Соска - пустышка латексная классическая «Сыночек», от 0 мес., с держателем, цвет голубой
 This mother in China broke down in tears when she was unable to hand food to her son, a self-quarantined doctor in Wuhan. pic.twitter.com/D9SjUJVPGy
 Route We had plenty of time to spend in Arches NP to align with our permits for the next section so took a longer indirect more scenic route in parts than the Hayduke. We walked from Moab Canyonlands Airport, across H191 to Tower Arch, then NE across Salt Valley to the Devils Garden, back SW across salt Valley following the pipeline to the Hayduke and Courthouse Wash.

* * *

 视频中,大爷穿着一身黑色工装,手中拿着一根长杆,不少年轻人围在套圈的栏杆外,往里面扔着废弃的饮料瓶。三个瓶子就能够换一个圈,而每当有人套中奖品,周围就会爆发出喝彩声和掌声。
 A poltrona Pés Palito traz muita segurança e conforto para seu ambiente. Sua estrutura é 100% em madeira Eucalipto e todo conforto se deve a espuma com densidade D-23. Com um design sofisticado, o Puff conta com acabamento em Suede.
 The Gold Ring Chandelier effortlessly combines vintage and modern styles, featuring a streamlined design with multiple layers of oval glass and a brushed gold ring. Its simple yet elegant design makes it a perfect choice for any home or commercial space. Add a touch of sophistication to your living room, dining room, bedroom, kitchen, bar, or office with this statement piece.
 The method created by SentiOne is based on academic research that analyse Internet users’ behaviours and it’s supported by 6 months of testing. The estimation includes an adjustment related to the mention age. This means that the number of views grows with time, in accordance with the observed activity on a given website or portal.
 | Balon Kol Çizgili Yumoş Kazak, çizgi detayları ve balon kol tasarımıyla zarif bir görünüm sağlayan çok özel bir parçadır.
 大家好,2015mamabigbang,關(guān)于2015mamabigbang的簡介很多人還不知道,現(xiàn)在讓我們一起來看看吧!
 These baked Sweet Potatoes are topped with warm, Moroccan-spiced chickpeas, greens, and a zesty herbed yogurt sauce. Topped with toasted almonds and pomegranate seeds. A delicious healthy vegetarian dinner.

» **Instructions to follow**: Output the lines above between the one holding "视频中,大爷穿着一身黑色工装" and the one holding "The Gold Ring", inclusive, with nothing before or after them.

» **Task solution**:
 视频中,大爷穿着一身黑色工装,手中拿着一根长杆,不少年轻人围在套圈的栏杆外,往里面扔着废弃的饮料瓶。三个瓶子就能够换一个圈,而每当有人套中奖品,周围就会爆发出喝彩声和掌声。
 A poltrona Pés Palito traz muita segurança e conforto para seu ambiente. Sua estrutura é 100% em madeira Eucalipto e todo conforto se deve a espuma com densidade D-23. Com um design sofisticado, o Puff conta com acabamento em Suede.
 The Gold Ring Chandelier effortlessly combines vintage and modern styles, featuring a streamlined design with multiple layers of oval glass and a brushed gold ring. Its simple yet elegant design makes it a perfect choice for any home or commercial space. Add a touch of sophistication to your living room, dining room, bedroom, kitchen, bar, or office with this statement piece.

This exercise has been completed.